Publié par La Rédaction le - mis à jour à

A l'image des marques commerciales, les musées s'engagent dans une démarche d'icônes pour assoir leur notoriété. Le Centre Pompidou s'est lancé dans une telle démarche. Quels enseignements pour le marques ? Les réponses de Gwenaëlle de Kerret, sémiologue & fondatrice de l'agence SemioTiPS.

Bibendum de Michelin, Vache-qui-rit, bonhomme vert de Cetelem... Voilà longtemps que les entreprises recourent aux icônes pour incarner leur marque et lui conférer une dimension empathique. Le principe d'égérie ou "brand endorsement" est comparable. Il s'agit cette fois d'adosser la marque à une personnalité connue, pour de bénéficier de ses valeurs et traits de caractère: élégance et humour de George Clooney pour Nescafé, par exemple.

Source : SemioTiPS, agence étude et conseil


Icônes de musées

Depuis quelques années, les institutions culturelles s'intéressent aux icônes, pour renforcer leur image et attirer de nouveaux publics. Leur fantasme ? La Joconde, capable à elle seule d'incarner le Louvre et d'attirer 500.000 visiteurs par an.
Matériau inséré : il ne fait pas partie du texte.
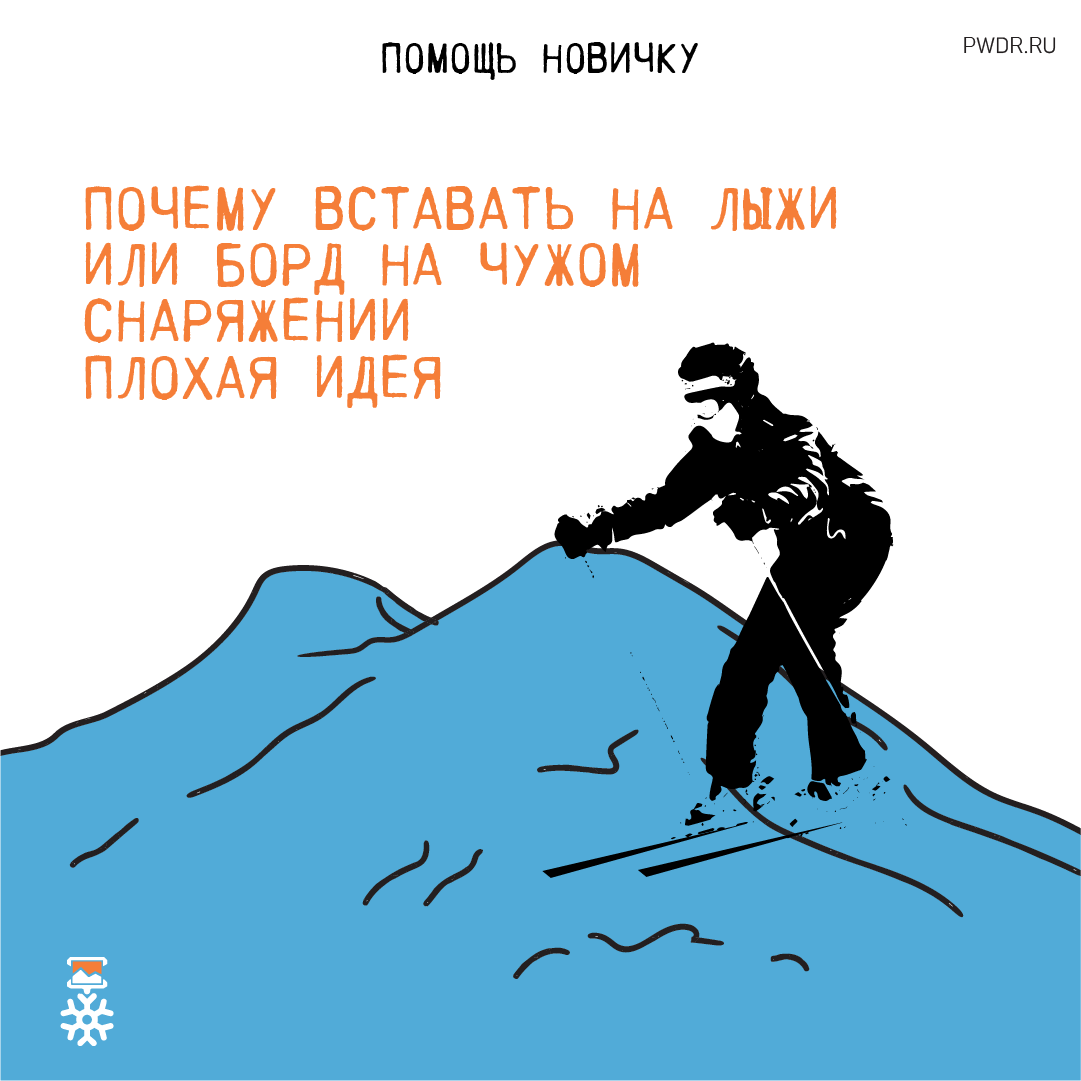 Чужие горные лыжи и ботинки могут стать вашей последней попыткой научиться кататься на горных лыжах. Если тот, кто одолжил лыжи хорошо катается, то его лыжи могут обладать такими техническими и физическими характеристиками, которые для новичка окажутся совершенно не подходящими. Такие лыжи могут быть жесткими или длинными/короткими, не говоря о других нюансах. Человек, который только встает на лыжи, не будет знать, что с ними делать. Он поедет как сможет и кайфа не получит, совсем. Это приведет к отторжению. Хуже будет, если он упадет или травмируется, а может и собьет в неуправляемом полете других гостей курорта, как это часто бывает. Я работаю в магазине в горах и часто слышу истории посетителей, что лыжи или сноуборд не для меня - встала и сломала ногу. Все ухудшится, если и горнолыжные ботинки не "сядут" на ноги, а они не "садятся" в большинстве случаев. Каждая пара ботинок через процесс термоформовки индивидуально подгоняются под ноги владельца. Новым ногам в таких ботах будет

Le Metropolitan Museum de New York et le Van Gogh Museum d'Amsterdam ont par exemple tenté timidement l'aventure, en valorisant certaines oeuvres de leur collection dans des campagnes. Mais c'est au Centre Pompidou que la question des icônes a fait l'objet, pour la première fois dans l'histoire des musées, d'une véritable réflexion stratégique.
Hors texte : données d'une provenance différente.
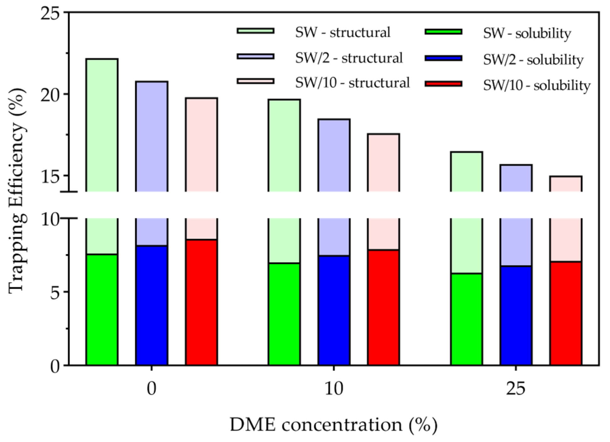 Structural trapping occurs when CO2 within a reservoir is immobilized in a gaseous or supercritical phase. This typically occurs when caprock, faults, or impermeable formation layers surround the reservoir. When CO2 is injected into a reservoir with an impermeable boundary, it displaces existing fluids within the pores and migrates. Depending on the shape and size of the pores, some CO2 is trapped as droplets [31]. As shown in Figure 10, most of the trapped CO2 exists as a structurally trapped supercritical phase. A trend was observed in which the efficiency of this structural trapping increased with higher water salinity and lower DME concentration. The reasons are as follows. First, lower DME concentrations increase the absolute amount of CO2, which increases structural trapping efficiency. Second, as water salinity decreases, the diminished salting-out effect increases CO2 solubility in the aqueous phase. This enhances solubility trapping, reducing the volume of supercritical phase CO2 available for structural trapping. Third, the three years of waterflooding following the WAG cycle displaces structurally trapped CO2. The efficiency of this displacement is enhanced by lower salinity and higher DME concentration, which contributes to a lower final structural trapping efficiency.

Constatant la faible fréquentation du musée par les touristes et la faible notoriété de la collection permanente, l'institution a lancé une vaste étude, de 2016 à 2019. En partenariat avec l'université Paris I -j'ai en effet eu le plaisir de travailler sur la partie académique de la recherche avec Jean-Michel Tobelem, chercheur en sciences de gestion-, et avec l'agence SemioTiPS, ont été mis en place des focus groups créatifs, une expertise sémiologique, un sondage et des workshops professionnels, qui s'appuyaient sur une méthodologie de SemioTiPS croisant Design Thinking et sémiologie créative. L'objectif ? Constituer un groupe de chefs-d'oeuvre qui deviennent des "ambassadeurs" du musée. La démarche a abouti à une liste de 15 oeuvres et à une politique d'icônes sur plusieurs années.

Parmi les icônes choisies pour le Centre Pompidou : "Bleus" de Miro, "Portrait de la Journaliste Sylvia van Harden" d'Otto Dix et "Fontaine" de Duchamp


Le pari du Centre Pompidou

La démarche du Centre Pompidou est ambitieuse : jusqu'aujourd'hui, les icônes de l'art étaient le fruit de la critique et des hasards de l'Histoire, et non d'une opération stratégique. Par ailleurs, le Centre Pompidou ne dispose pas des mêmes moyens qu'une entreprise commerciale, pour lancer ses icônes. Le choix des chefs-d'oeuvre était donc crucial.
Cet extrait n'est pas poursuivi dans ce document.